Утром я побывал в Зоологическом саду, а теперь вхожу с приятелем, постоянным моим собутыльником, в пивную: голубая вывеска, по ней белыми буквами начертано “Львиная Брага”, и сбоку подмигивает портрет льва, держащего кружку пива. Усевшись, я рассказываю приятелю о трубах, трамваях и прочих важных вещах.
Перед домом, где я живу, лежит вдоль панели огромная черная труба, и на аршин подальше — другая, а там — третья, четвертая: железные кишки улиц, еще праздные, еще не спущенные в земляные глубины, под асфальт. В первые дни после того, как их гулко свалили с грузовиков, мальчишки бегали по ним, ползали на четвереньках сквозь эти круглые туннели, — но через неделю уже больше никто не играл, — только валил снег. И теперь, когда в матовой полутьме раннего утра я выхожу из дома, то на каждой черной трубе белеет ровная полоса, а по внутреннему скату, у самого жерла одной из них, мимо которой как раз сворачивают рельсы, отблеск еще освещенного трамвая взмывает оранжевой зарницей. Сегодня на снеговой полосе кто-то пальцем написал “Отто”, и я подумал, что такое имя, с двумя белыми “о” по бокам и четой тихих согласных посередке, удивительно хорошо подходит к этому снегу, лежащему тихим слоем, к этой трубе с ее двумя отверстиями и таинственной глубиной.
Трамвай лет через двадцать исчезнет, как уже исчезла конка. Я уже чувствую в нем что-то отжившее, какую-то старомодную прелесть.

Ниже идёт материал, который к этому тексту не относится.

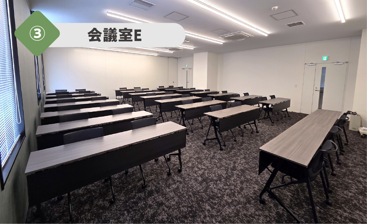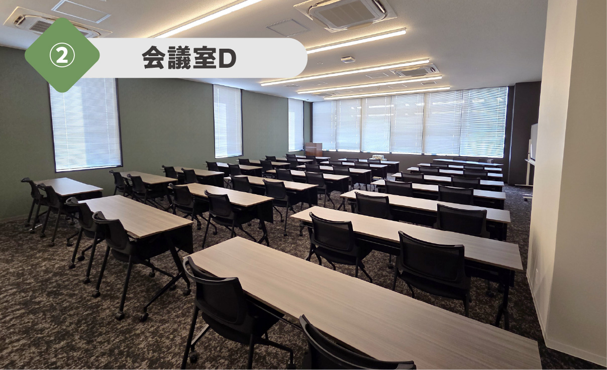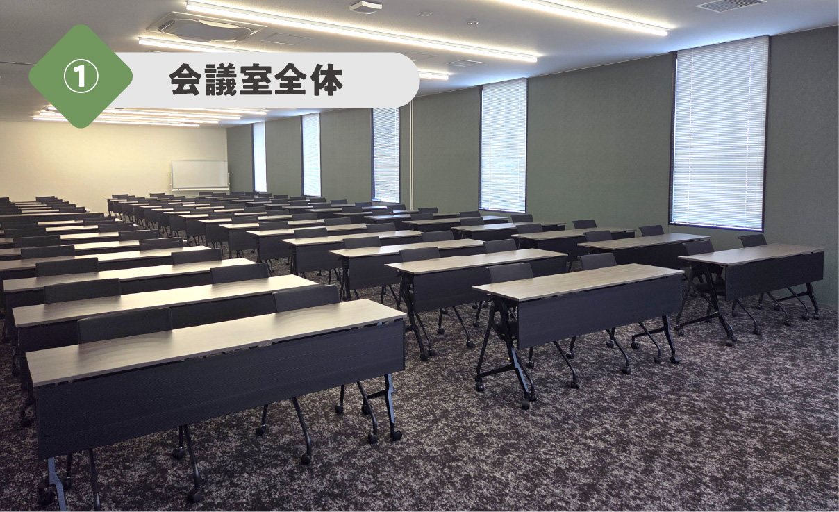 ソシオスクエア2Fに位置する会議室は、仕切りを使って2つの小会議室に分割でき、用途に応じた柔軟な利用が可能です。長机は二人掛けとして配置することで、ゆったりとしたスペースを確保し、快適な会議環境を提供します。

Все в нем немного неуклюже, шатко, — и когда, при слишком быстром повороте, перо соскакивает с провода, и кондуктор, или даже один из пассажиров, перегнувшись через вагонную корму и глядя вверх, тянет, трясет веревку, норовя привести перо в должное положение, — я всегда думаю о том, что возница дилижанса, должно быть, ронял иногда кнут, и осаживал свою четверку, и посылал за кнутом парня в дологополой ливрее, сидевшего рядом на козлах и пронзительно трубившего в рожок, пока, гремя по булыжникам, дилижанс ухал через деревню.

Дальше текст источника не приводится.